The heat” in question were from an episode of Decoder where Chris Best, CEO of Substack, refused to say that all brown people are animals and they shouldn’t be allowed in America” would violate their content guidelines.

It gets worse, in classic whataboutism McKenzie argues that the other social media companies aren’t doing much to fight bigotry despite their huge content moderation teams.

Facebook, Instagram, Twitter and others have tens of thousands of engineers, lawyers, and trust & safety employees working on content moderation, and they have poured hundreds of millions of dollars into their efforts. The content moderation policies at some of those companies run to something like 150 pages. But how is it all working out? Is there less concern about misinformation? Has polarization decreased? Has fake news gone away? Is there less bigotry? It doesn’t seem so to us, despite the best efforts and good intentions of the most powerful media technology companies the world has ever known.

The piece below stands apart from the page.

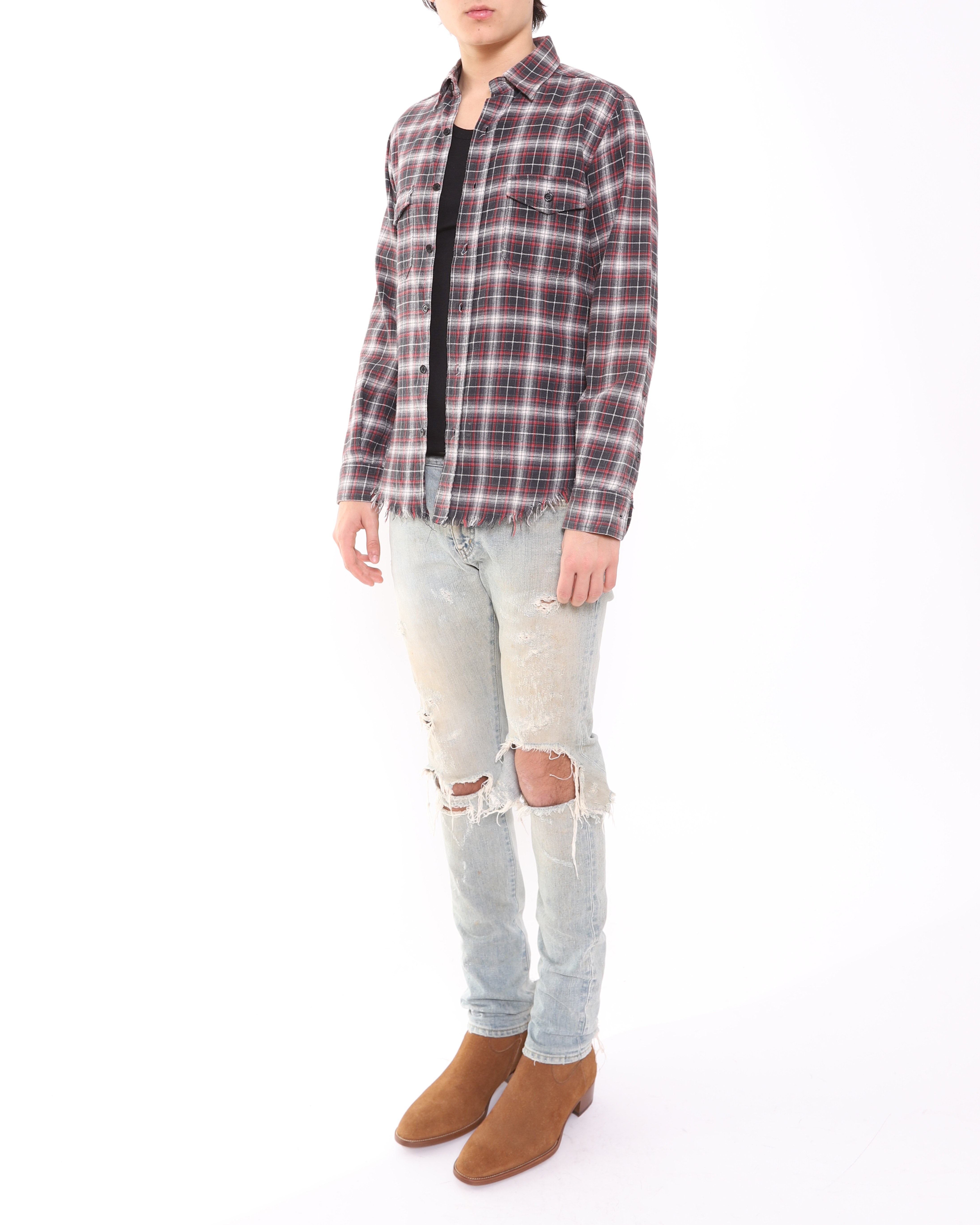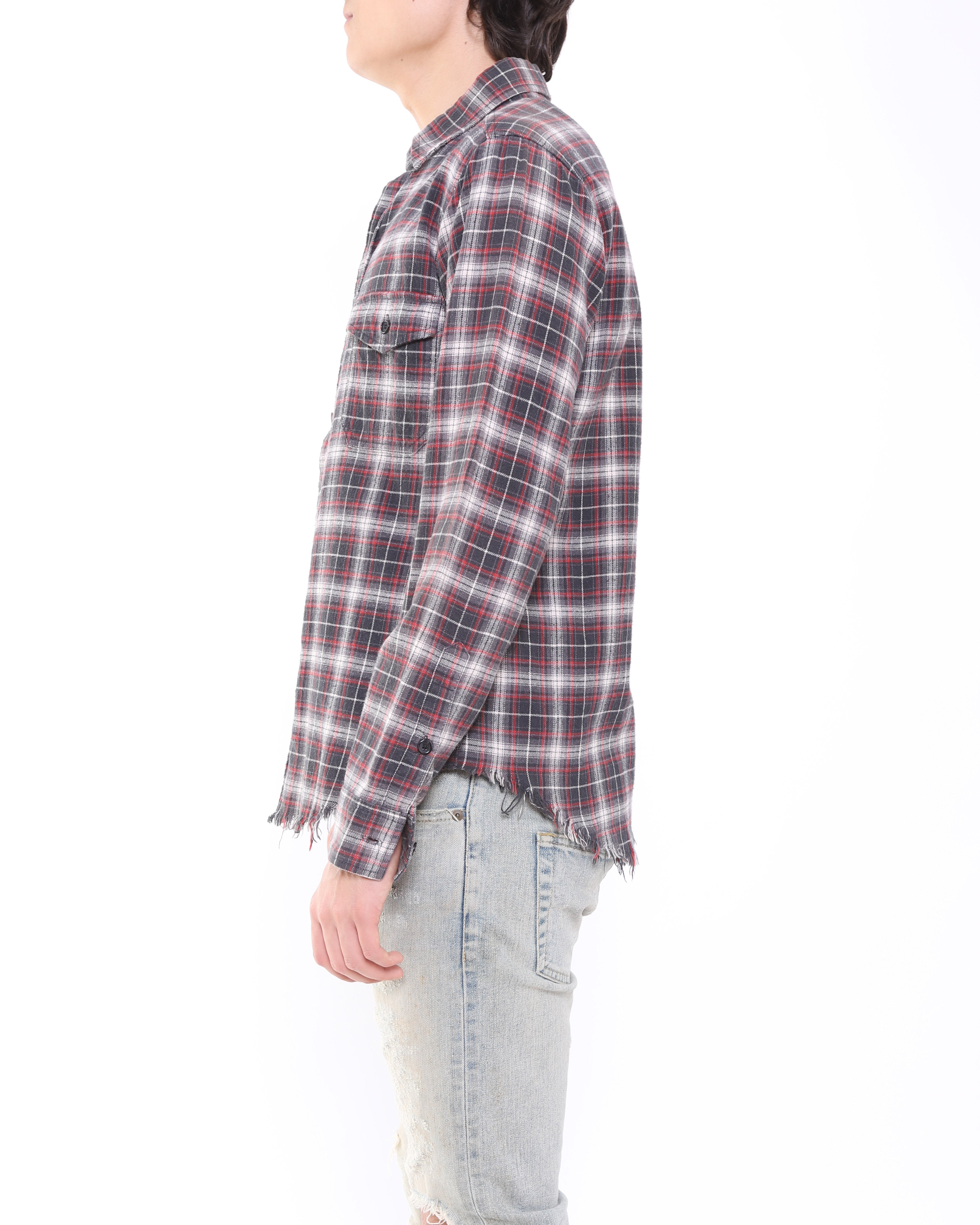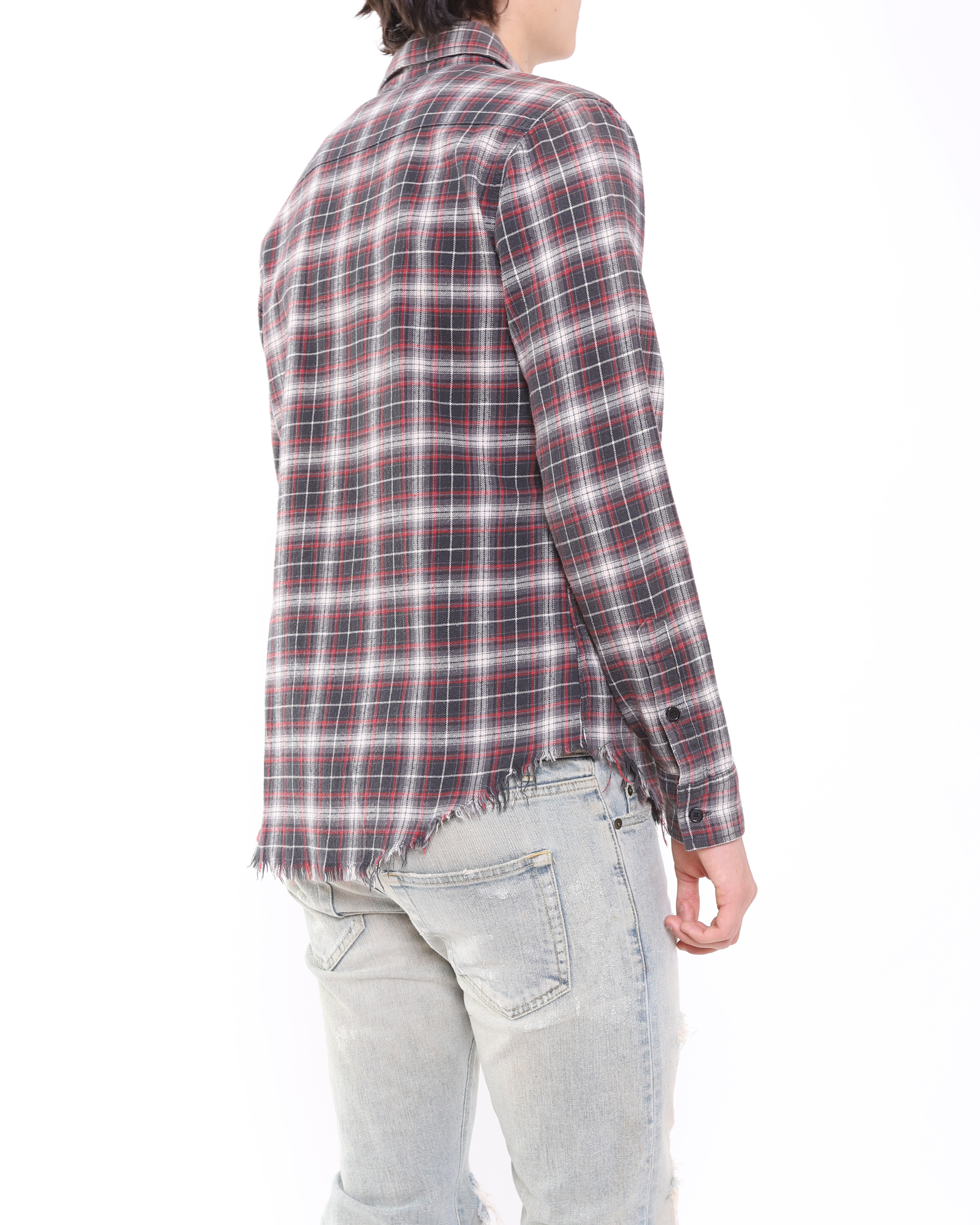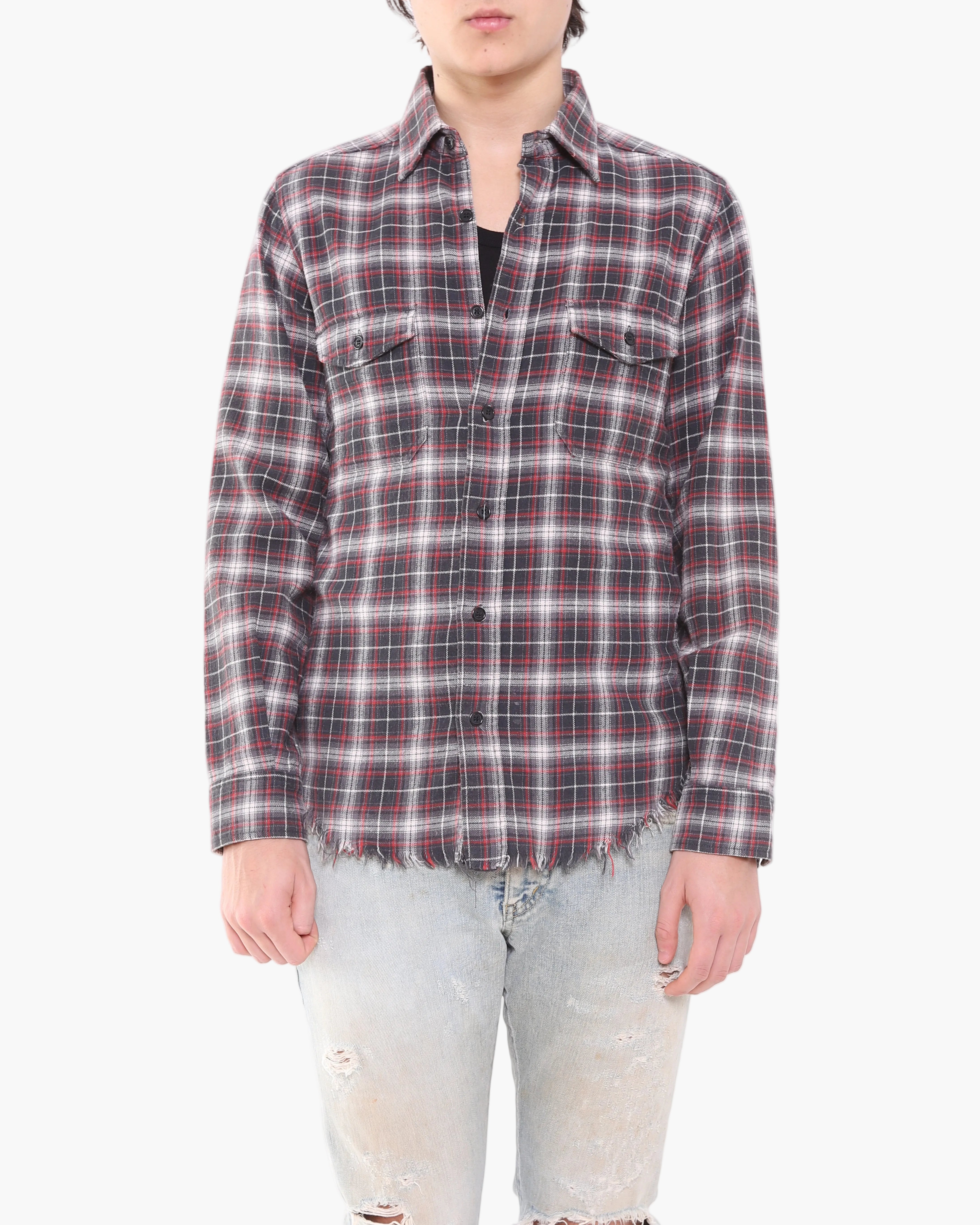 SS16 Distressed Hem Checked Flannel in Grey & Red

Now, this doesn’t mean there should be no moderation at all, and we do of course have content guidelines with narrowly defined restrictions that we will continue to enforce. But, generally speaking, we suspect that the issue is that you can’t solve a problem (social media business models) with a problem (a content moderation apparatus that doesn’t work and burns trust). So we are taking a different path.

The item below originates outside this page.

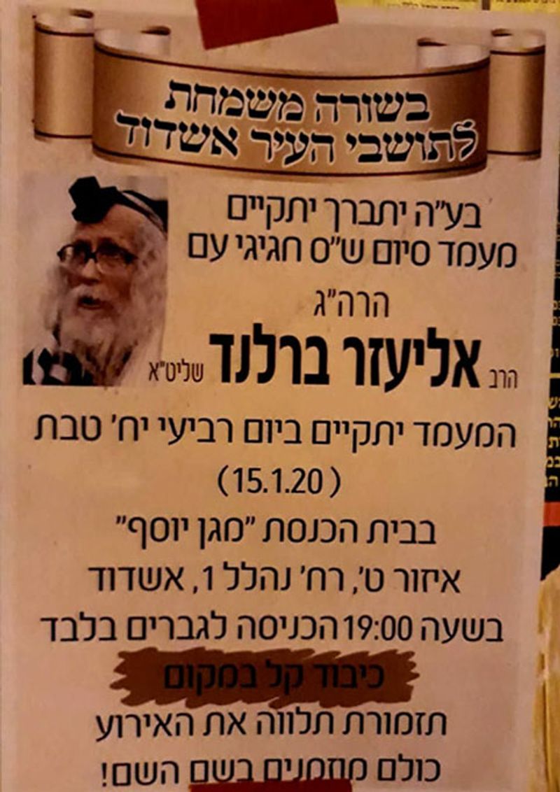 היום, הלילה שבן רביעי לחמישי בשבת שמות תש"פ, הגיע מורינו, כ"ק הגה"צ הרב אליעזר ברלנד שליט"א, לעיר לאשדוד לכנס התורני ולמעמד סיום הש"ס. הכנס נערך בביה"כ 'מגן יוסף', שברח' נהלל, לפני קהל גדול. רבים המתינו לבואו של מורינו הרב ברלנד שליט"א, שמסר את דברי קודשו בהתלהבות וקדושה מעוררת לבבות.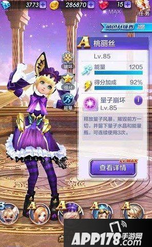 在女性角色里,有一个深受大家喜欢的角色是我们的桃丽丝,桃丽丝可以说是比较大众的角色,在多人对战里经常可以看到她的身影。首先桃丽丝的满级角色是85级,这就比疾风少年的75级占有更大优势。桃丽丝值得培养的另一个原因是相比较魔女娜娜与魔力可可,满级状态下桃丽丝能量上限高出100多点,加分高出15%左右。

That different path,” McKenzie explains, is changing the business model.” How will they change this business? Basically making the creator do their own content moderation. Substack decided to look at their writers, the whole reason Substack is making money, and telling them to figure it out themselves.

Truthfully this is a bad company statement trying to walk back Chris Best’s blunder on Decoder. In fact, it made things even more rocky for Substack.

Substack is a place where writers can write what they want to write, readers can read what they want to read, and everyone can choose who they hang out with. It’s a different game from social media as we know it.

No it isn’t, this game” is the same on Facebook, Twitter, and more. There can be simple and no-nonsense content moderation policies in place and people who disagree on the platform.

Just because you are removing and disallowing someone from saying all brown people are animals and they shouldn’t be allowed in America” doesn’t mean that everyone will suddenly be the same ideologically. You can have rules in place to prevent violence while having a healthy discourse.

I wrote before about Substack’s poorly written content guidelines and I said, this isn’t an endorsement to spread hate but it certainly doesn’t thwart any of that kind of behavior either.” While I still believe that, the more Substack dives in to their content moderation guidelines give me pause. It makes me believe that Substack is less making a critical error and more deliberately dog-whistling.

Some people feel similarly, one being Mike Masnick at Techdirt. He explained the Nazi bar story on Reddit and how, with comments like Best’s on Decoder, Substack is allowing more Nazis to come in to Substack’s metaphorical bar.

But Substack is a centralized system. And a centralized system that doesn’t do trust & safety… is the Nazi bar. And if you have some other system that you think allows for moderation but not censorship” then be fucking explicit about what it is. There are all sorts of interventions short of removing content that have been shown to work well (though, with other social media, they still get accused of censorship” for literally expressing more speech). But the details matter. A lot.

If Substack truly wants to be a place for everyone to come and discuss things that matter to them, they cannot continue with this hands-off approach. Content moderation is messy, and it isn’t easy to handle. That being said, Substack needs to roll up their sleeves and embrace the mess. Otherwise they will drive more and more people off of their platform.